---

_You are currently looking at **version 1.1** of this notebook. To download notebooks and datafiles, as well as get help on Jupyter notebooks in the Coursera platform, visit the [Jupyter Notebook FAQ](https://www.coursera.org/learn/python-machine-learning/resources/bANLa) course resource._

---

## Understanding and Predicting Property Maintenance Fines

This project is based on a data challenge from the Michigan Data Science Team ([MDST](http://midas.umich.edu/mdst/)). 
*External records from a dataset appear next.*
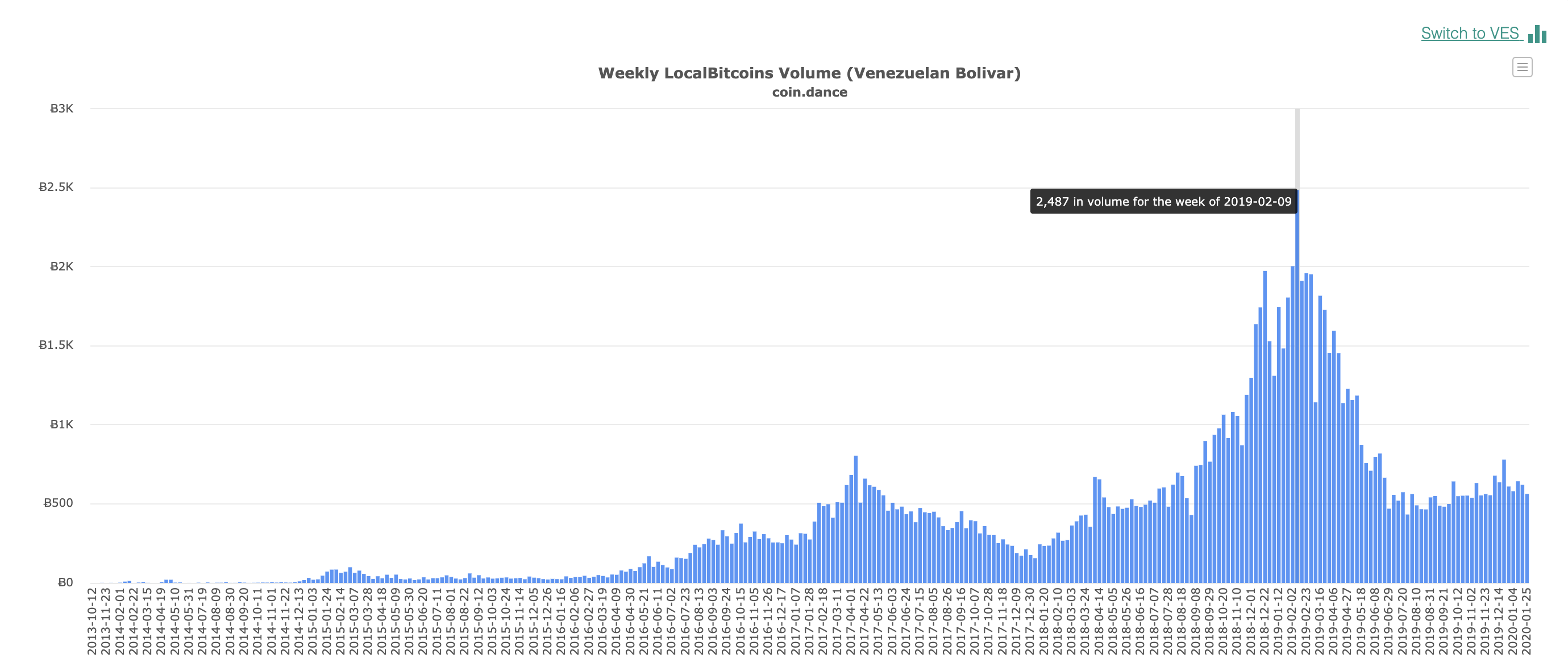 Ein weiteres Beispiel für gesteigertes Interesse an Bitcoins in krisengeschüttelten Ländern lässt sich am besten in Venezuela beobachten. Anfang letzten Jahres schrieb CNBC einen Artikel über das Volumen der in Venezuela gehandelten Bitcoins, welches ein Allzeithoch erreichte. In den ersten Februarwochen 2019 stieg die Menge der gehandelten Bitcoins um 30% auf 2'487 Bitcoins - das entspricht 8,95 Millionen Dollar pro Woche. Zum Zeitpunkt der Abfassung des Artikels deuteten die Prognosen darauf hin, dass die Hyperinflation des Landes 10 Millionen Prozent erreichen würde - was auf ein bei der Suche nach einer "stabilen" Währung entstandenes Interesse hindeutet.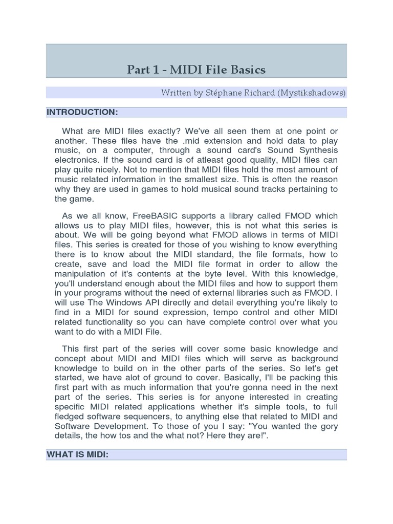 concept about MIDI and MIDI files which will serve as background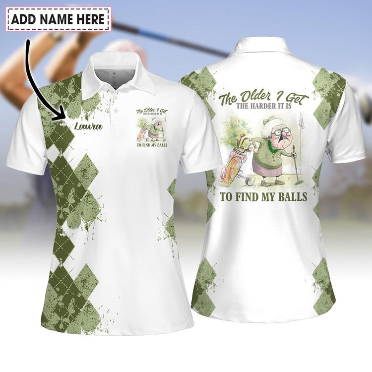 Personalized Name The Older I Get To Find My Ball Golf Grandma Women Polo Shirt

The Michigan Data Science Team ([MDST](http://midas.umich.edu/mdst/)) and the Michigan Student Symposium for Interdisciplinary Statistical Sciences ([MSSISS](https://sites.lsa.umich.edu/mssiss/)) have partnered with the City of Detroit to help solve one of the most pressing problems facing Detroit - blight. [Blight violations](http://www.detroitmi.gov/How-Do-I/Report/Blight-Complaint-FAQs) are issued by the city to individuals who allow their properties to remain in a deteriorated condition. Every year, the city of Detroit issues millions of dollars in fines to residents and every year, many of these fines remain unpaid. Enforcing unpaid blight fines is a costly and tedious process, so the city wants to know: how can we increase blight ticket compliance?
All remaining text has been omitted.